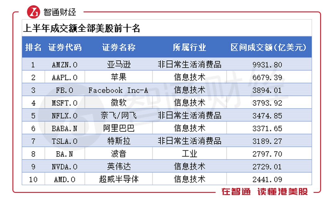 自年初至6月28日期间,亚马逊(AMZN.US)为成交额排名第一,成交额9932亿美元与第二名的苹果(AAPL.US)拉开较大差距,为上半年最受资本关注的企业。
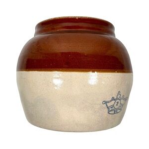 OS VINTAGE Antique Robinson Ransbottom Crown Two-Toned Stoneware Bean Pot with Handle
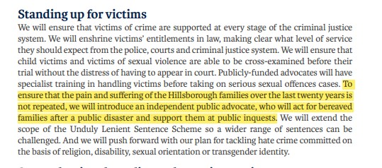 A commitment to an independent Public Advocate for the victims and families of those involved in disasters was included in the 2017 Conservative manifesto, although no action was taken on this and it made no appearance in their 2019 manifesto.
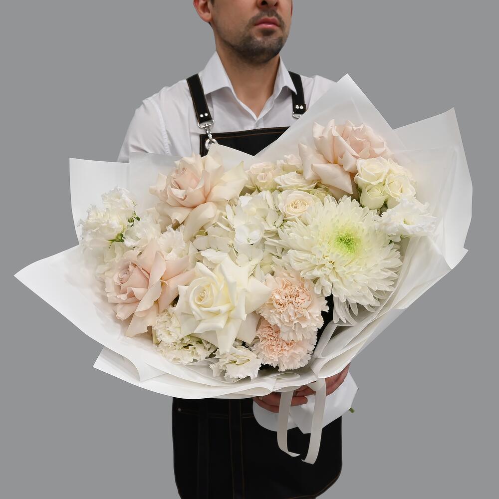 Гортензия – 1 шт.Хризантема – 1 шт.Французская роза – 4 шт.Гвоздика – 2 шт.Эустома – 2 шт.Кустовая пионовидная роза – 2 шт.

----------------

* [Task goal] Your response must reproduce every line of the data exactly, with images omitted.

* [Exercise output]
 自年初至6月28日期间,亚马逊(AMZN.US)为成交额排名第一,成交额9932亿美元与第二名的苹果(AAPL.US)拉开较大差距,为上半年最受资本关注的企业。
 OS VINTAGE Antique Robinson Ransbottom Crown Two-Toned Stoneware Bean Pot with Handle
 A commitment to an independent Public Advocate for the victims and families of those involved in disasters was included in the 2017 Conservative manifesto, although no action was taken on this and it made no appearance in their 2019 manifesto.
 Гортензия – 1 шт.Хризантема – 1 шт.Французская роза – 4 шт.Гвоздика – 2 шт.Эустома – 2 шт.Кустовая пионовидная роза – 2 шт.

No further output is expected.